Or google secur-a-cat which is same stuff and speak to Ros - i don't know if they do smaller kits but if you want netting etc and some poles to pop it up with then they're a fab company and good quality cat-proofing - i've been using them for years xx

it's easier as the poles go on an angle at the top so there is no way a cat can get over it xx


----------



## Cats Slave (Sep 12, 2008)

I could have written your post myself!!! We're in exactly the same situation but no pebble-dash (not saying there's anything wrong with pebble-dash tho'!). We're going to be putting in some of the netting stuff when the climbers have shed their leaves. We have 6ft bamboo screening (on a 4ft fence!) down one side of the garden and a trellis on the other side so only going to do the back wall as that's where the cats and squirrels get in - they used to run along the side fence until we put the trellis up. Not sure about stopping them from climbing up the pebble-dash though - maybe drill holes in the wall and put the netting up there as well?


----------



## sfocata (Nov 11, 2008)

Cats Slave said:


> I could have written your post myself!!! We're in exactly the same situation but no pebble-dash (not saying there's anything wrong with pebble-dash tho'!).


Oh, there is... 



> We're going to be putting in some of the netting stuff when the climbers have shed their leaves.


Ooh, do let us know how you get on. The proper solutions are too expensive for us to justify, but they've given me some ideas. I'm thinking of improvising a netting "roof" above the two trellis fences, and then some sort of roller obstacle on the most easily accessible pebble-dash wall, so they can't get a grip.

Having said that, they've been incredibly well behaved today... I think the wind was making them excited earlier this week.

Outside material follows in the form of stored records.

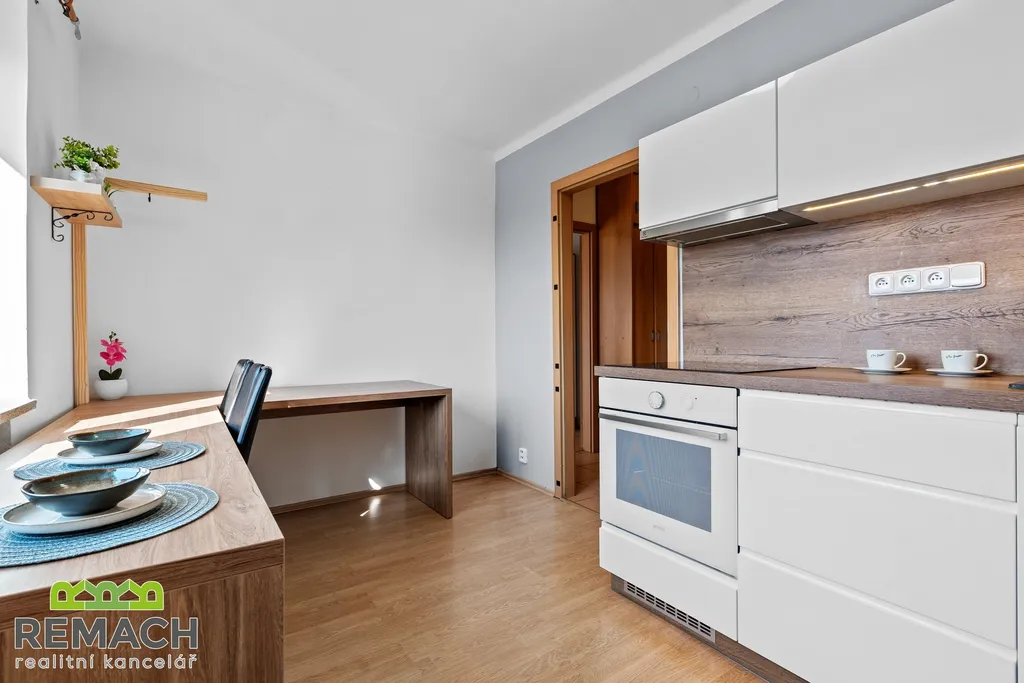 Z kuchyně s jídelnou je vstup do obývacího pokoje. Byt je k dispozici ihned.
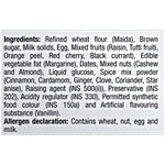 Refined Wheat Flour, Brown Sugar, Mixed Fruit (Raisin, Tutti Fruity, Orange Peel, Red Cherry, Black Currant), Butter, Egg, Spice Mix, Citric Acid, Caramel Colour, Cocoa Powder, Almond, Cashew, Refined Vegetable Oil, Baking Powder Contains Added Flavour (Artificial Flavouring Substance (Vanilla)).
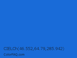 CIELCh 46.552,64.79,285.942 Color is a normal blue color and the nearest color is Bright Navy Blue #1974d2. Hex code #196bd8 and RGB value is rgb(25,107,216). In RGB color space, this color is composed of 10% red, 42% green, 85% blue, In CMYK color space, this color is composed of 88% cyan, 50% magenta, 0% yellow , 15% black , In HSL color space, this color has a hue angle of 214° , 79% saturation and 47% lightness.
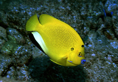 Um fiskinn: Þessi gullfallegi engill er mjög viðkvæmur búrafiskur og þarf mikla natni til að halda lifandi, helst í velþroskuðu rifbúri með vel gróið kóralagrjót. Hann þarf gott búr, hreint vatn og marga felustaði. Frekar hlédrægur í fyrstu og felugjarn en verður fljótt áberandi. Getur verið svolítið yfirgangssamur einkum við skyldar tegundir. Nærist einkum á svömpum og getur því nartað í kóralla og hryggleysingja. Bestur stakur í búri. Mjög erfiður í fóðrun. Ungviði (efsta mynd) farnast betur en eldri fiskar.
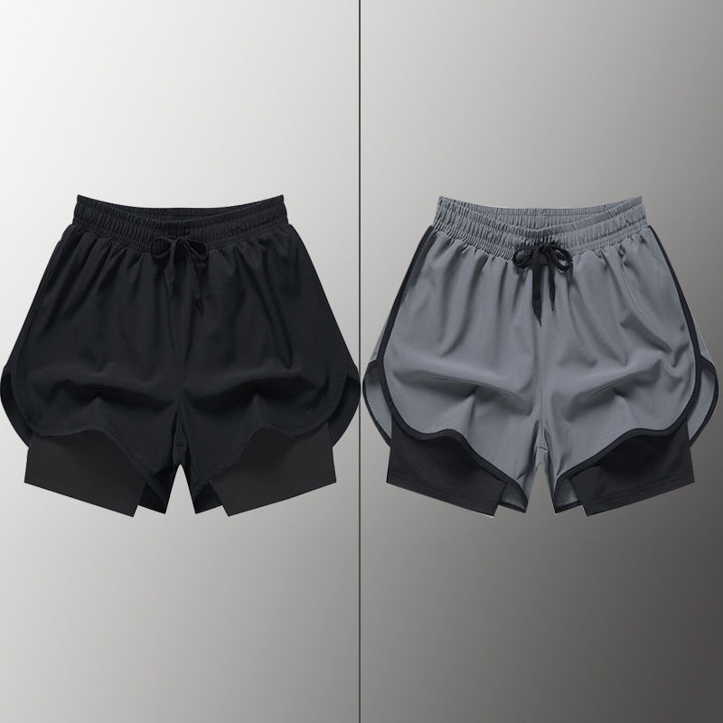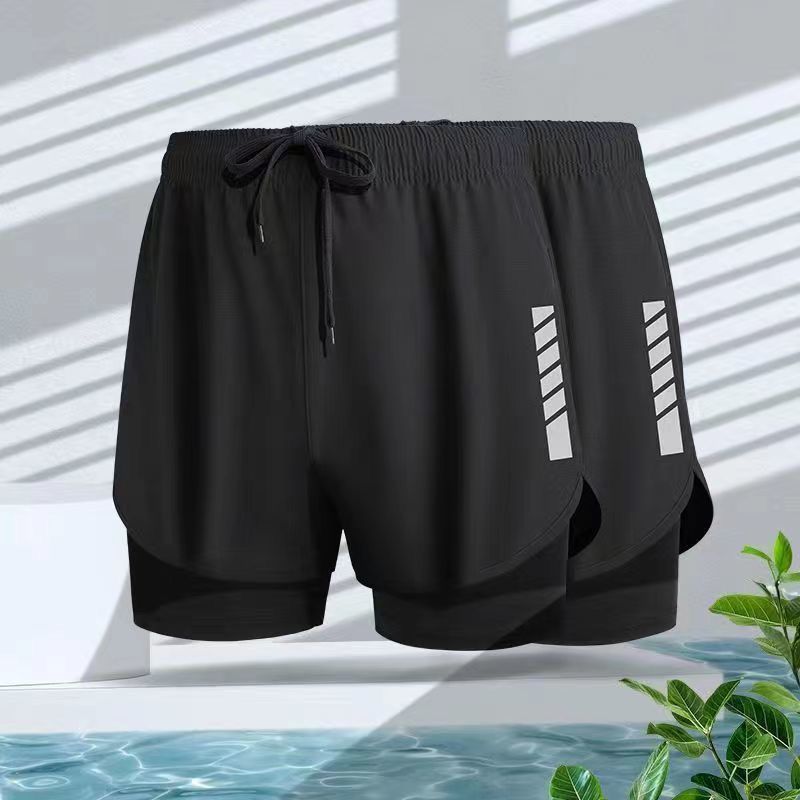 수영 트렁크 남자 안티 당황스러운 더블 레이어 빠른 건조 수영 라이닝 소년 느슨한 캐주얼 5 점 스포츠 달리기 짧은 바지스토어 가기
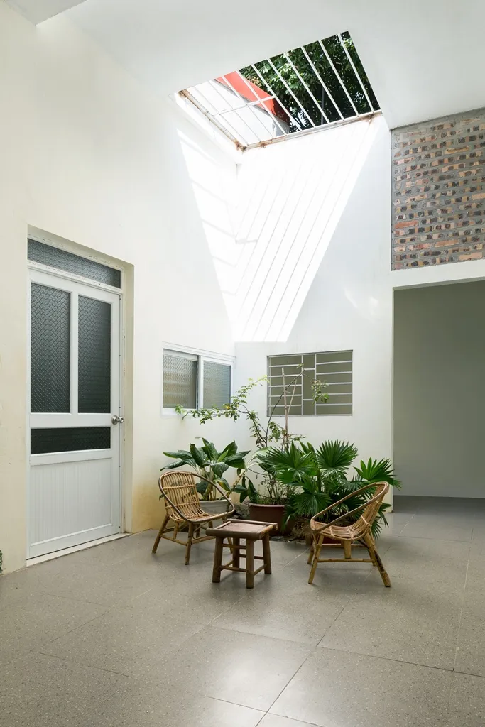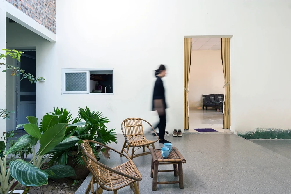Ngoài không gian chức năng đảm bảo sinh hoạt cho cả hộ gia đình thì các khoảng xanh, sân vườn nhỏ được thiết kế kết hợp với giếng trời và các hành lang sân trong chạy dài là cách KTS đưa sinh khí dẫn lối vào từng không gian trong ngôi nhà.
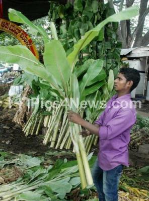 Photo Caption : People seen purchasing banana leaves on the eve of Lord Gowri Ganesha Festivals at KR Market, in Bengaluru on Tuesday 15th September 2015
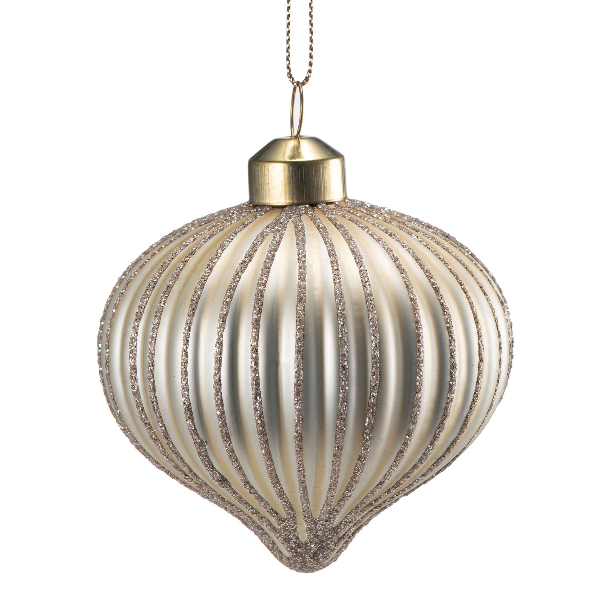 Gi juletreet ditt et elegant preg med vår julekule dråpe i gull! Dekorasjonen har en unik dråpeform som tilfører et stilfullt element til julepynten din. De glitrende stripene fanger lyset vakkert og skaper en skinnende effekt som gir treet ditt en luksuriøs glans.
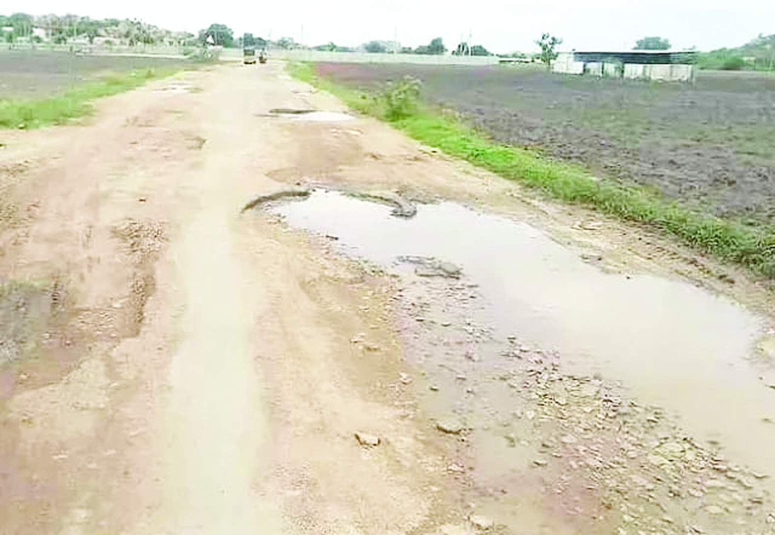 గుంతలమయమైన గ్రామీణ రోడ్డు
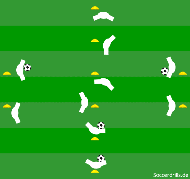 Die Spieler im Zentrum orientieren sich ständig zu beiden Übungsseiten, so sind sie jederzeit anspielbar. Der Pass erfolgt in den richtigen Fuß, der Passempfänger kann aufdrehen und den Ball dann auf die andere Seite weiterleiten.
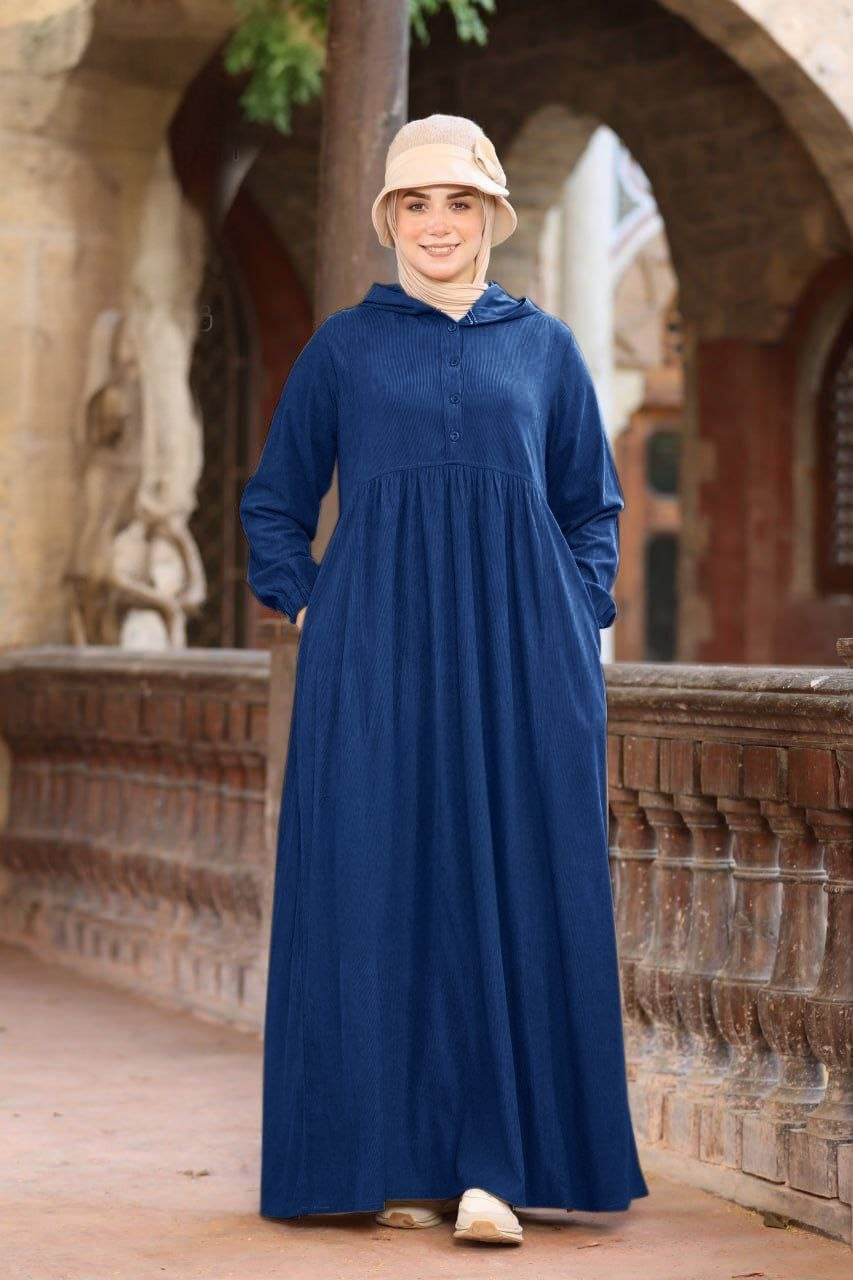 Dress with hoodie , buttons on the chest and two pockets .
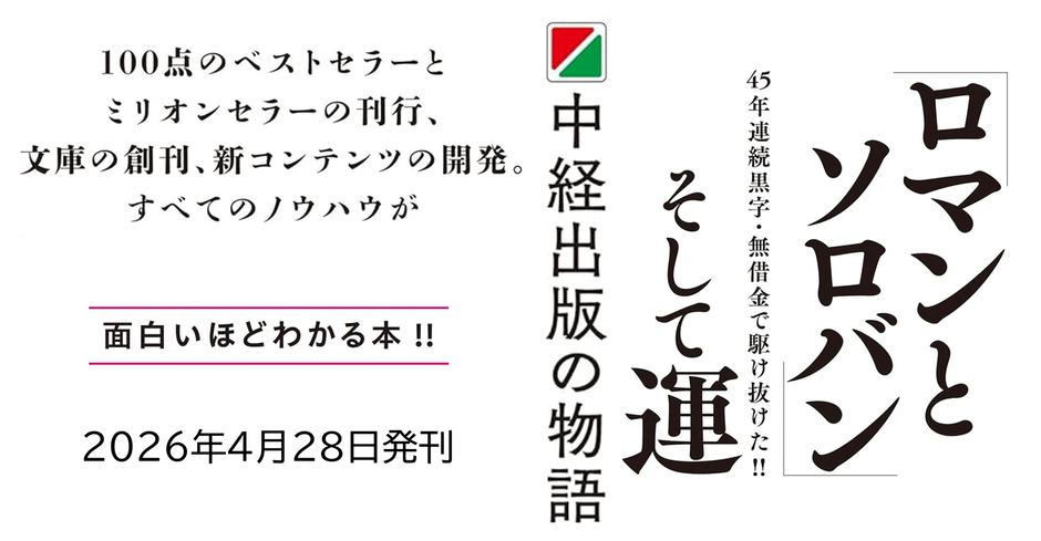 【“100点のベストセラー” 数人で始めた会社がなぜ業界のトレンドセッターに】『ロマンとソロバンそして運ー中経出版の物語』2026年4月28日(火)刊行
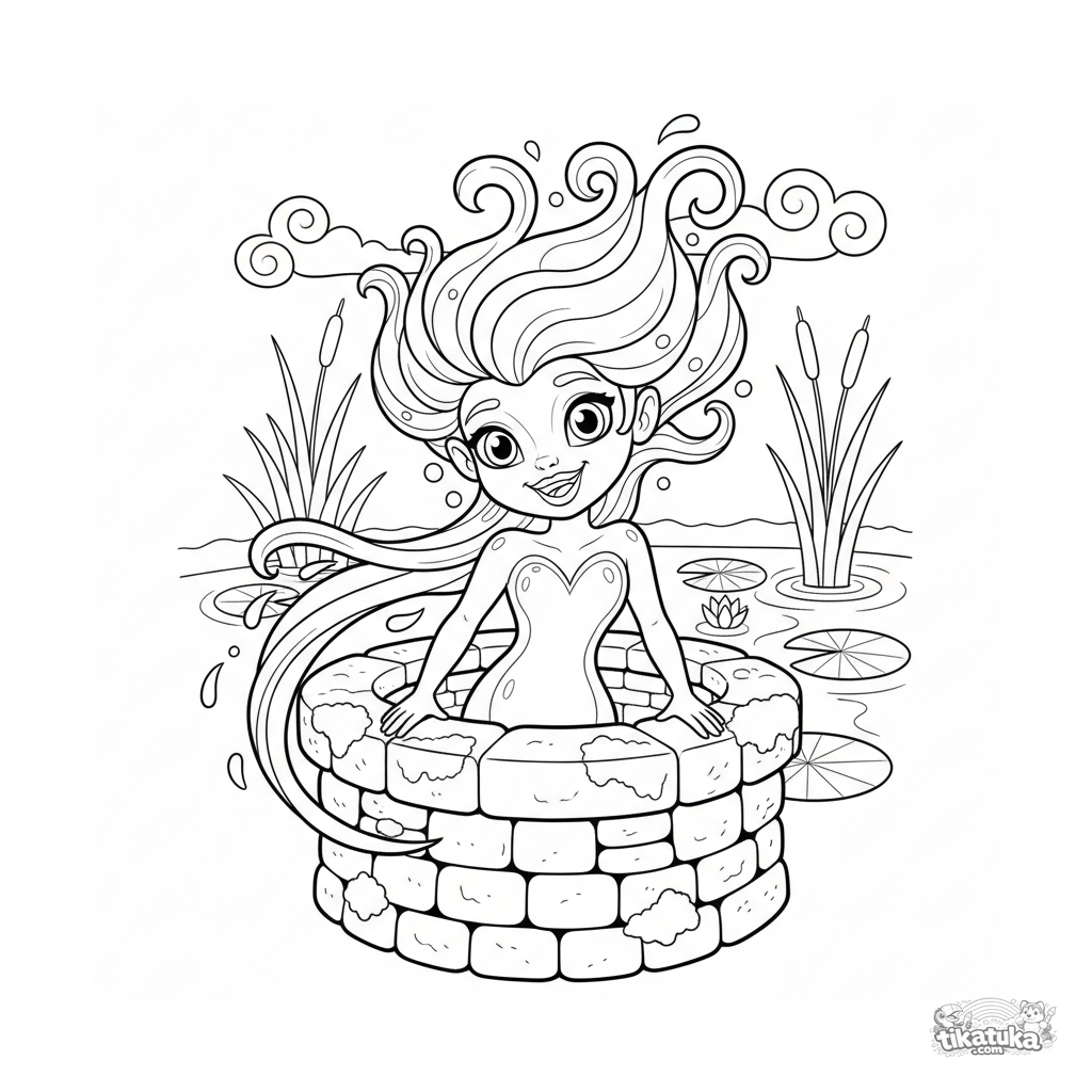 Página para colorear para preadolescentes 7-9: un espíritu de agua juguetón asoma desde el pozo de agua viva. Estilo Art Nouveau con líneas fluidas y ambiente mágico.

Thanks for all the other suggestions, chaps and chapettes


----------



## PoisonGirl (Oct 24, 2008)

Hey, we have 2 kittens and live next to a really busy road. our back garden has wooden fencing they could climb and pebble dashed walls too.
I wanted to build a run for them but lack of money and enought materials i came up with another solution
6months on and it still works!

on the fence (as it has gaps big enough for a small dog to squeeze thrugh!) we used chicken wire. i know it can be expensive to buy new but I knew someone removing alot from their fence, so they quite happily gave it to me.

I got my dad to help me so not sure how he did it but next step.. some lengths of wood along the wall of my house...
I then got loads of green gardening mesh. cable tied some lengths together to get the width of my garden and created a roof, making sure there were no gaps all the way round for the cats to escape

I also got my dad to construct me a climbing pole made of some large branches.

we have a small window next to our back door so removed the glass and fitted a cat flap with a ramp down. Out 2 spend most of their time outside now!!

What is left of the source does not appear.